The material below includes pictures; leave them out and return only the lines between the line containing "2025年上半年,美国房车市" and the line containing "I love this", inclusive, word for word.

[Opening Record set section]

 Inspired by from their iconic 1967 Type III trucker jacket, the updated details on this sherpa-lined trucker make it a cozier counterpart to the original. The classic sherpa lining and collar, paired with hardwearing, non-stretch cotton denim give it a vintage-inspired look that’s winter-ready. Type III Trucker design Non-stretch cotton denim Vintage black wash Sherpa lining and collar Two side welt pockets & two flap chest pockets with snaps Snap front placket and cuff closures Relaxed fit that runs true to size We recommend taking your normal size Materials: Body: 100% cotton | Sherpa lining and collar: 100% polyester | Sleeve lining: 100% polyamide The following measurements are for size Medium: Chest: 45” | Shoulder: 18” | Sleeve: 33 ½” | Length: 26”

[Closing Record set section]
[Opening Record set section]

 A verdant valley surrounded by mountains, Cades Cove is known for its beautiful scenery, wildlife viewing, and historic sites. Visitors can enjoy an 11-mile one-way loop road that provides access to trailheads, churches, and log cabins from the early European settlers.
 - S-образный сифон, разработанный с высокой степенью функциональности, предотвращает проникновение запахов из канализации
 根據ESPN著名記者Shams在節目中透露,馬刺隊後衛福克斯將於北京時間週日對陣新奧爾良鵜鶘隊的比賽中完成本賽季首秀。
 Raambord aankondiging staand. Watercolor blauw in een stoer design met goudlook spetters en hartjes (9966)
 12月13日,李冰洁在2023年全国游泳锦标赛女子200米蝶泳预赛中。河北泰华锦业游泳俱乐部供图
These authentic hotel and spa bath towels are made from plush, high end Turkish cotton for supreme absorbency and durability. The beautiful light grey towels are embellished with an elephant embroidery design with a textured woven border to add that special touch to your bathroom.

[Closing Record set section]
[Opening Record set section]

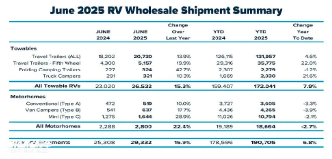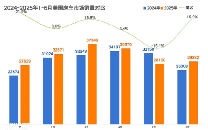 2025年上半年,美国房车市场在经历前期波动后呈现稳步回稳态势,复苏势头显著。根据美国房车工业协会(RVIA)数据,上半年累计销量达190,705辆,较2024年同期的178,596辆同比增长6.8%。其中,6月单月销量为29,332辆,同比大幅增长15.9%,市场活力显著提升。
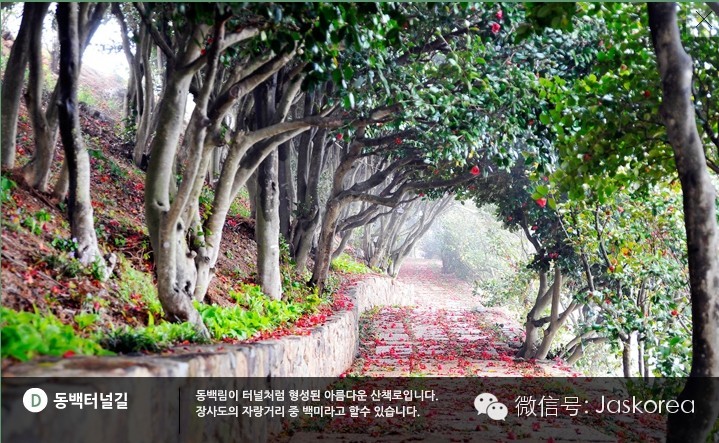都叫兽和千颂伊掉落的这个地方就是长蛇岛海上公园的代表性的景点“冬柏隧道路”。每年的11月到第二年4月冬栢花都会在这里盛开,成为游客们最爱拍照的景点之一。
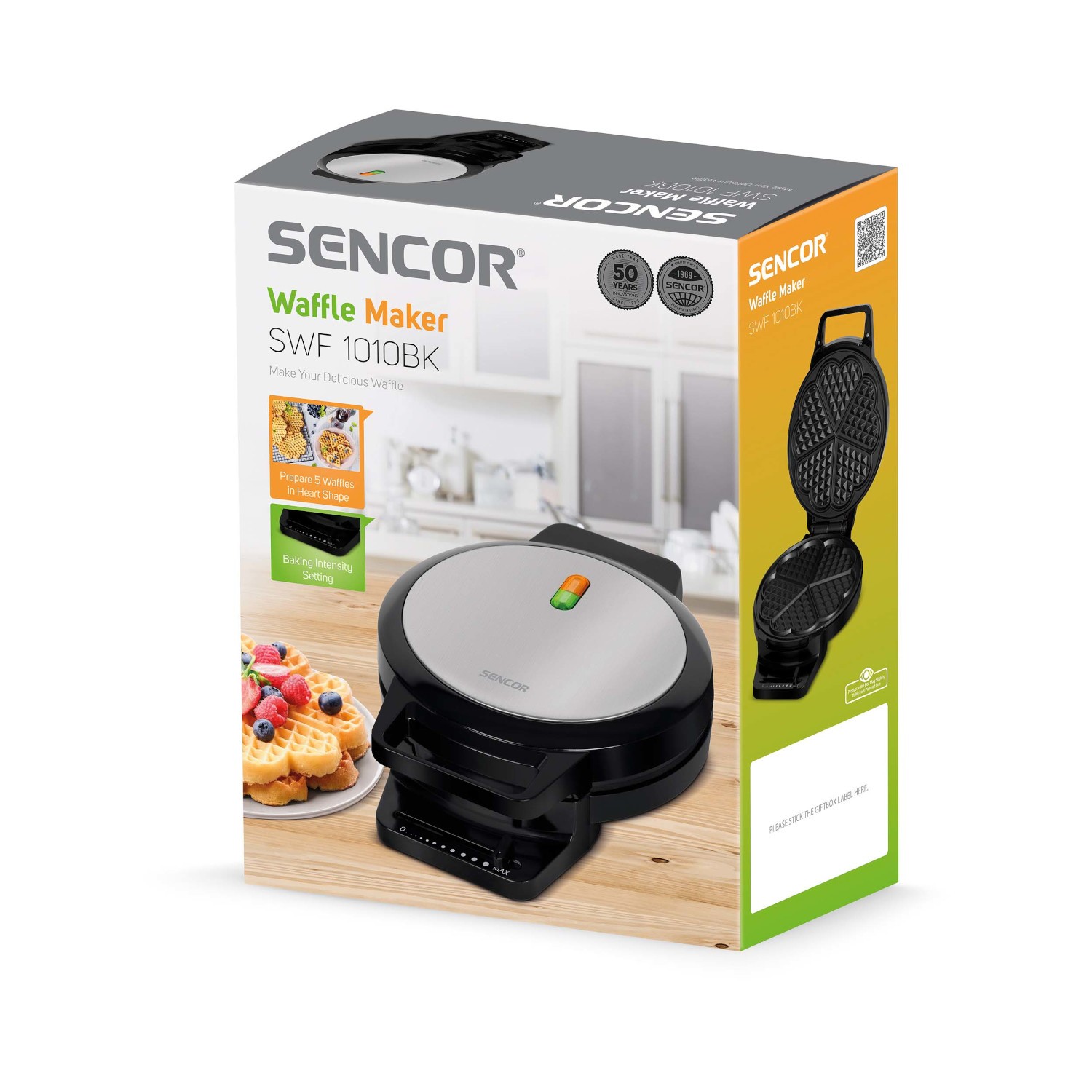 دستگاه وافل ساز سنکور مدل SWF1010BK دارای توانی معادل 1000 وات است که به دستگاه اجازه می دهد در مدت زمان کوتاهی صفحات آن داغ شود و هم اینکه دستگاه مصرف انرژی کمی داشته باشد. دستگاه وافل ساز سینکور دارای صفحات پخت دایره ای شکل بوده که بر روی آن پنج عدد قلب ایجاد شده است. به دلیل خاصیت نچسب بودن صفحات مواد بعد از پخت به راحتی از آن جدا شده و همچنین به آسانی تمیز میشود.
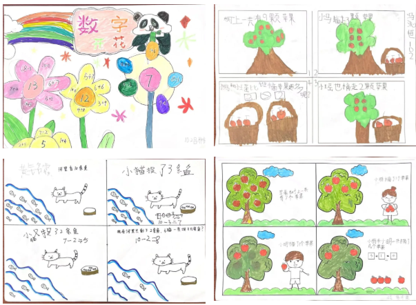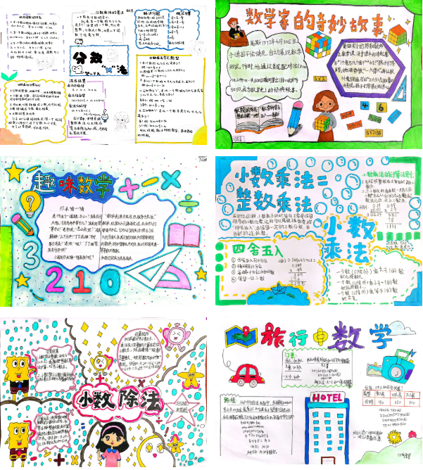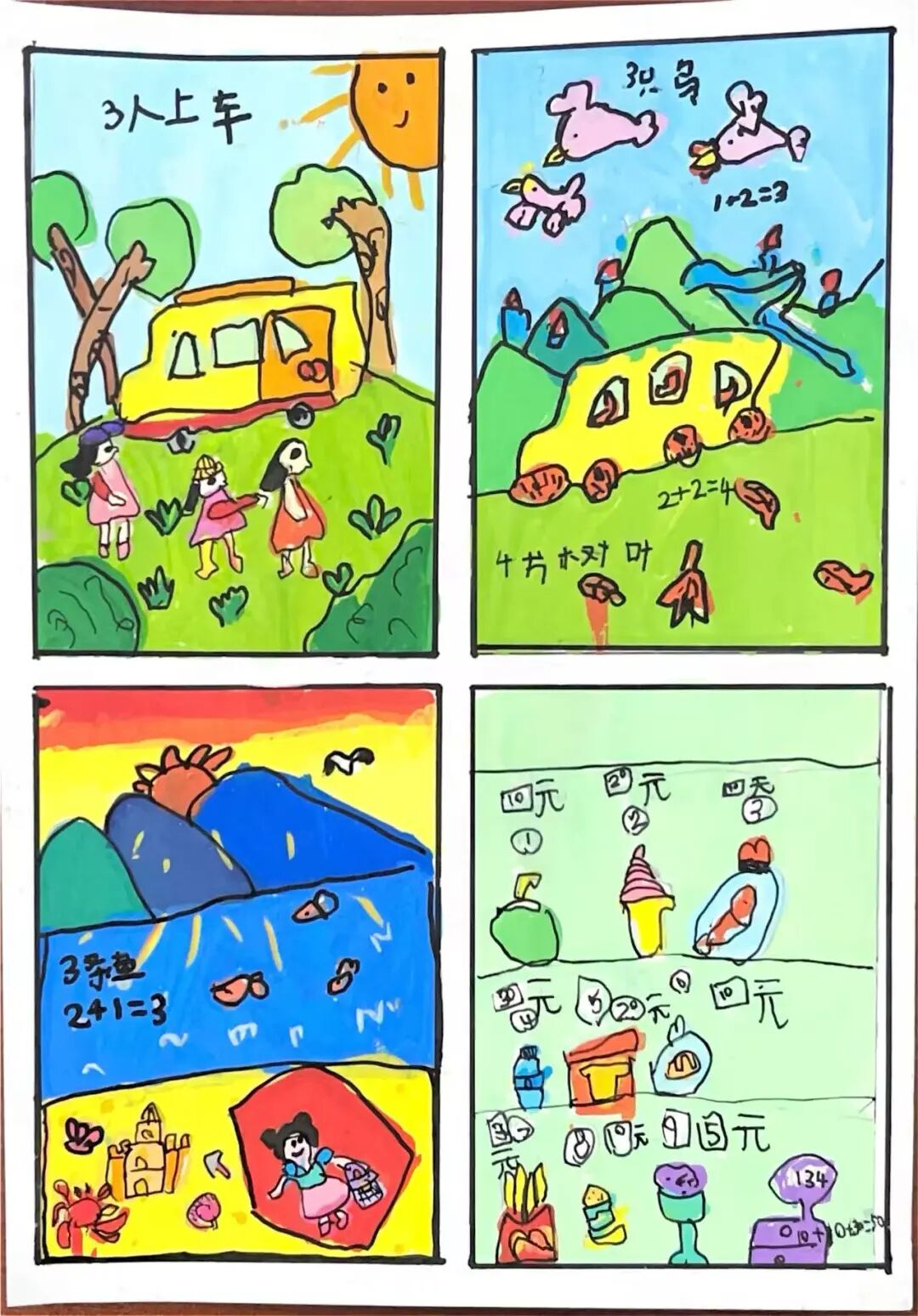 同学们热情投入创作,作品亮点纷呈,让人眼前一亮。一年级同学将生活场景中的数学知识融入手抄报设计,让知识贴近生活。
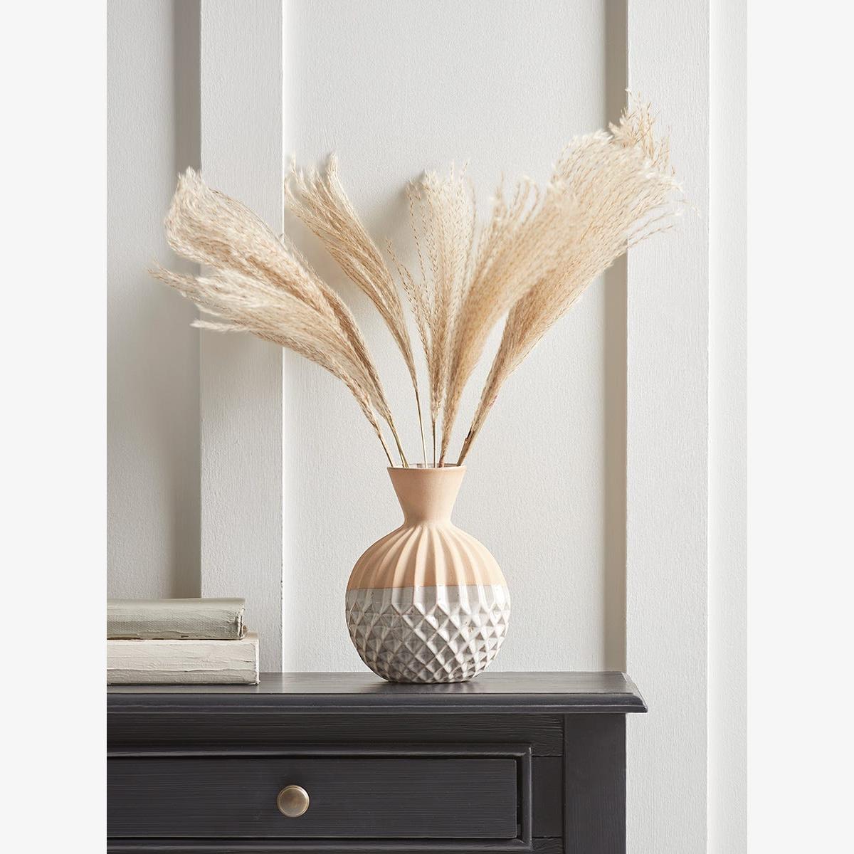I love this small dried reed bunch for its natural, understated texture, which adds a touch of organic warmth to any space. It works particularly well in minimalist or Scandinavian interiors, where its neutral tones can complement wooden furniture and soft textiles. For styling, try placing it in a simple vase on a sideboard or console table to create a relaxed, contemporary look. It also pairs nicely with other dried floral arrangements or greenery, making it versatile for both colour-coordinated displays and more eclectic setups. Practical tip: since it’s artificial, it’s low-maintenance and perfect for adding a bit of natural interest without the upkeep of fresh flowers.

[Closing Record set section]

### Answer to the problem
 2025年上半年,美国房车市场在经历前期波动后呈现稳步回稳态势,复苏势头显著。根据美国房车工业协会(RVIA)数据,上半年累计销量达190,705辆,较2024年同期的178,596辆同比增长6.8%。其中,6月单月销量为29,332辆,同比大幅增长15.9%,市场活力显著提升。
都叫兽和千颂伊掉落的这个地方就是长蛇岛海上公园的代表性的景点“冬柏隧道路”。每年的11月到第二年4月冬栢花都会在这里盛开,成为游客们最爱拍照的景点之一。
 دستگاه وافل ساز سنکور مدل SWF1010BK دارای توانی معادل 1000 وات است که به دستگاه اجازه می دهد در مدت زمان کوتاهی صفحات آن داغ شود و هم اینکه دستگاه مصرف انرژی کمی داشته باشد. دستگاه وافل ساز سینکور دارای صفحات پخت دایره ای شکل بوده که بر روی آن پنج عدد قلب ایجاد شده است. به دلیل خاصیت نچسب بودن صفحات مواد بعد از پخت به راحتی از آن جدا شده و همچنین به آسانی تمیز میشود.
 同学们热情投入创作,作品亮点纷呈,让人眼前一亮。一年级同学将生活场景中的数学知识融入手抄报设计,让知识贴近生活。
I love this small dried reed bunch for its natural, understated texture, which adds a touch of organic warmth to any space. It works particularly well in minimalist or Scandinavian interiors, where its neutral tones can complement wooden furniture and soft textiles. For styling, try placing it in a simple vase on a sideboard or console table to create a relaxed, contemporary look. It also pairs nicely with other dried floral arrangements or greenery, making it versatile for both colour-coordinated displays and more eclectic setups. Practical tip: since it’s artificial, it’s low-maintenance and perfect for adding a bit of natural interest without the upkeep of fresh flowers.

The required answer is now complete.